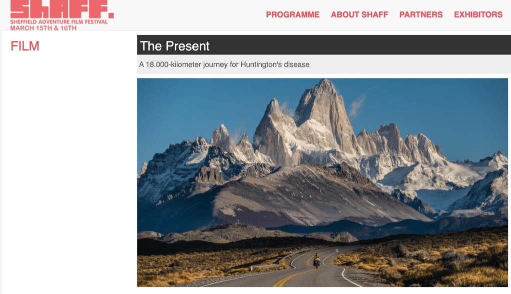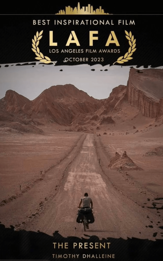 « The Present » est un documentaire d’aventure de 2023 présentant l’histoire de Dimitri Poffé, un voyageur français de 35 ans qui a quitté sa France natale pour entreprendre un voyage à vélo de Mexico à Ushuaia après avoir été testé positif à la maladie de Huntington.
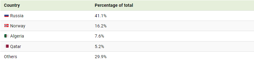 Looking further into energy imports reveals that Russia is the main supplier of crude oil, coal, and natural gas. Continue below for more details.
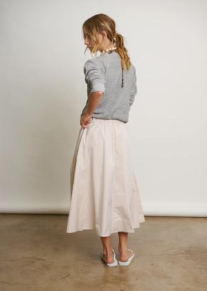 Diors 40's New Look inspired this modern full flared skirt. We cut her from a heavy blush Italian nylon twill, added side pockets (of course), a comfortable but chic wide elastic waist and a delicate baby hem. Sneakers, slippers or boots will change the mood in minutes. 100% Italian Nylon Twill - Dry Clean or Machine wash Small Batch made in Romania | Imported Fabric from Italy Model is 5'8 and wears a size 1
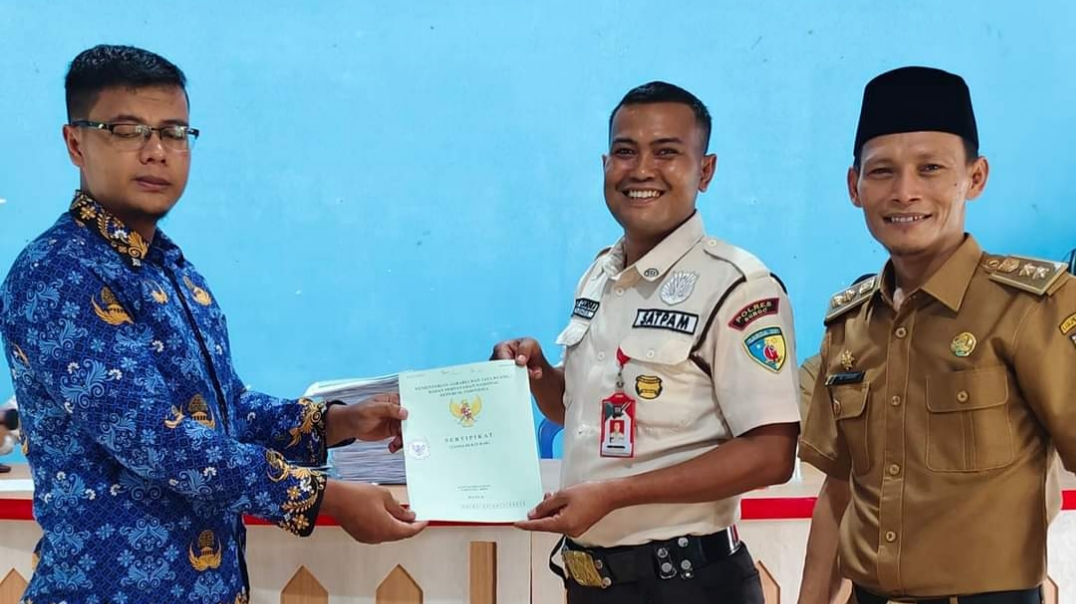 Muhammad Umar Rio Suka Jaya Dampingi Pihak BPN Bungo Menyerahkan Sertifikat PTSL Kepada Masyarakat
==
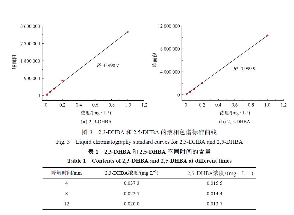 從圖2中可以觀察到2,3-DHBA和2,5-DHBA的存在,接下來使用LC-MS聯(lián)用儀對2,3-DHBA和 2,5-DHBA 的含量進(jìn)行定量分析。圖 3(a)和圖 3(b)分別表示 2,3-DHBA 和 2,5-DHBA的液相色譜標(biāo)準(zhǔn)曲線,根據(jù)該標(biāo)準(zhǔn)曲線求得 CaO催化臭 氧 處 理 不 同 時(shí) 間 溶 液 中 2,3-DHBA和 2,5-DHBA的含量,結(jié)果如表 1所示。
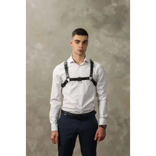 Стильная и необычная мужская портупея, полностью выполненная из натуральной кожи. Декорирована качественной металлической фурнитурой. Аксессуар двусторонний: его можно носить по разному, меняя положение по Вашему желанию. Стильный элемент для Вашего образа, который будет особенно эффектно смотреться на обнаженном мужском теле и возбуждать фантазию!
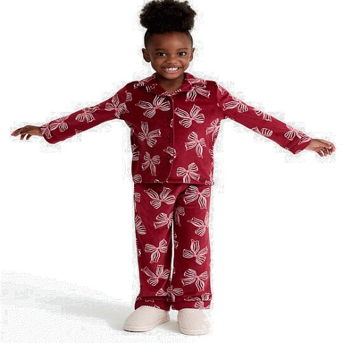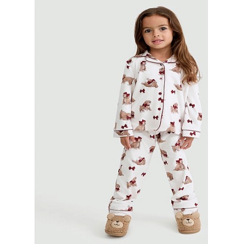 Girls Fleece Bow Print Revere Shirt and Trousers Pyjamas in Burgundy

● TASK REQUIREMENTS
What is needed is an exact copy of the lines above from the one with "maladie de Huntington." to the one with "Muhammad Umar Rio", both ends kept, and nothing more; please leave the pictures out.

● ANSWER FOR THE TASK
 « The Present » est un documentaire d’aventure de 2023 présentant l’histoire de Dimitri Poffé, un voyageur français de 35 ans qui a quitté sa France natale pour entreprendre un voyage à vélo de Mexico à Ushuaia après avoir été testé positif à la maladie de Huntington.
 Looking further into energy imports reveals that Russia is the main supplier of crude oil, coal, and natural gas. Continue below for more details.
 Diors 40's New Look inspired this modern full flared skirt. We cut her from a heavy blush Italian nylon twill, added side pockets (of course), a comfortable but chic wide elastic waist and a delicate baby hem. Sneakers, slippers or boots will change the mood in minutes. 100% Italian Nylon Twill - Dry Clean or Machine wash Small Batch made in Romania | Imported Fabric from Italy Model is 5'8 and wears a size 1
 Muhammad Umar Rio Suka Jaya Dampingi Pihak BPN Bungo Menyerahkan Sertifikat PTSL Kepada Masyarakat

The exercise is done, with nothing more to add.